**** Supplied material
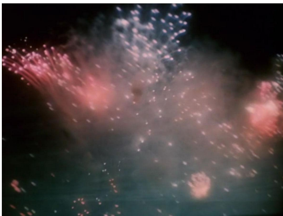
Malá mořská víla
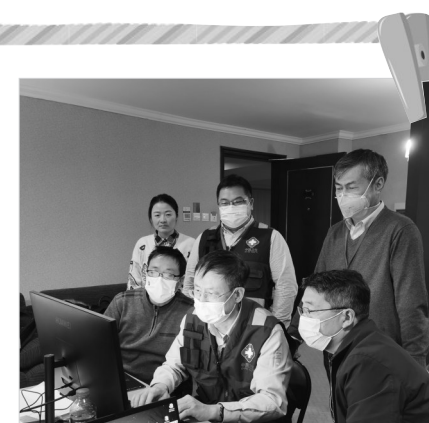
抗击新冠肺炎疫情国家流调专家队
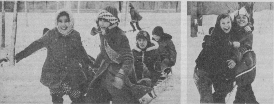
Зимние шалости.

Мелкая наждачная бумага с завернутой в нее пробкой поможет легко отшлифовать лезвие ножа. ТОРТ легче всего разрезать туго натянутой ниткой.
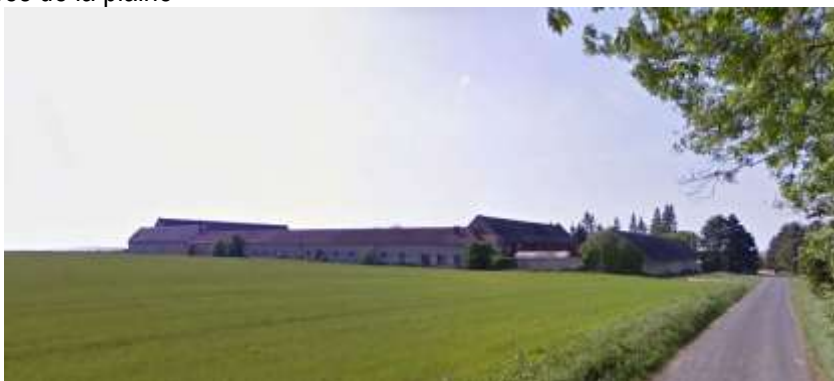
Les terres cultivées du plateau et l'ancienne ferme de la Montagne
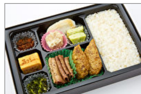
牛たん幕の内弁当
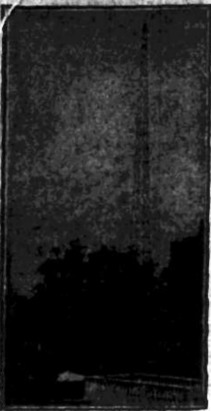
obok obserwatorium astronomicznego w ogrodach, należących do stolicy apostolskiej.
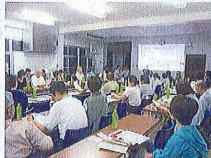
福祉協力員研修会
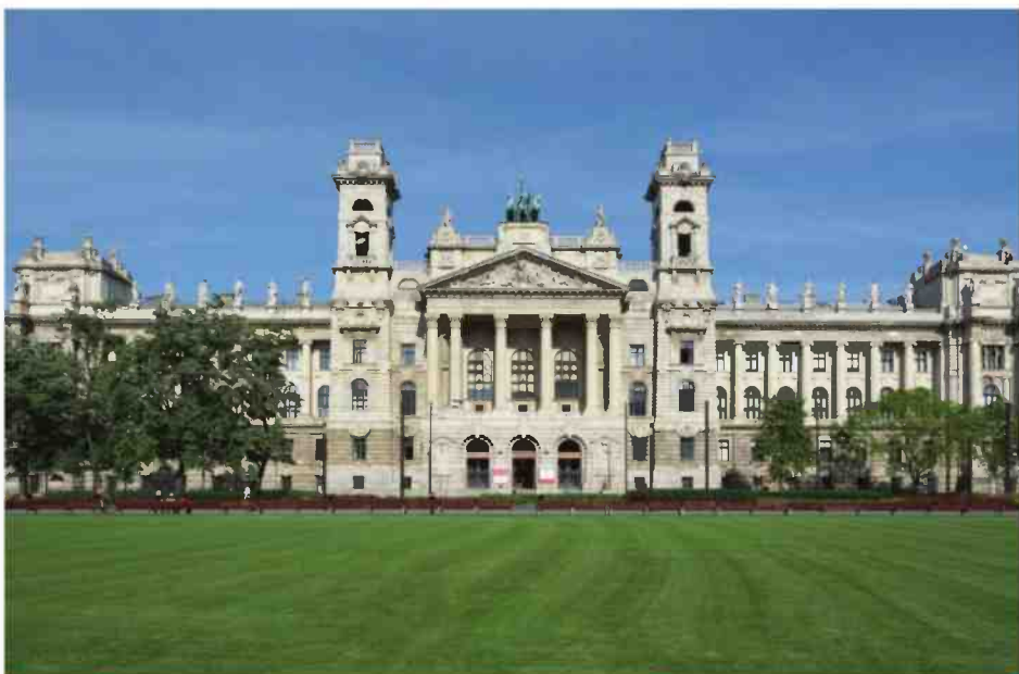
מימין למעלה: בתי משפט בהונגריה, פולין, בריטניה; מימין למטה: ארצות הברית, קנדה ופינלנד

היא מדינה עם מסורת דמוקרטית רבת שנים, ויש בה תרבות דמוקרטית מבוססת ומוסכמות חוקתיות רבות; יש דברים שפשוט לא עושים. כך, למשל, ב-2018 השר להתפתחות בינלאומית, לורד בייטס, התפטר מתפקידו רק משום שאיחר להגיע לדיון"
********
## Work instructions:
Output the records exactly as they appear, skipping any pictures.

## Response to the task:
Malá mořská víla
抗击新冠肺炎疫情国家流调专家队
Зимние шалости.

Мелкая наждачная бумага с завернутой в нее пробкой поможет легко отшлифовать лезвие ножа. ТОРТ легче всего разрезать туго натянутой ниткой.
Les terres cultivées du plateau et l'ancienne ferme de la Montagne
牛たん幕の内弁当
obok obserwatorium astronomicznego w ogrodach, należących do stolicy apostolskiej.
福祉協力員研修会
מימין למעלה: בתי משפט בהונגריה, פולין, בריטניה; מימין למטה: ארצות הברית, קנדה ופינלנד

היא מדינה עם מסורת דמוקרטית רבת שנים, ויש בה תרבות דמוקרטית מבוססת ומוסכמות חוקתיות רבות; יש דברים שפשוט לא עושים. כך, למשל, ב-2018 השר להתפתחות בינלאומית, לורד בייטס, התפטר מתפקידו רק משום שאיחר להגיע לדיון"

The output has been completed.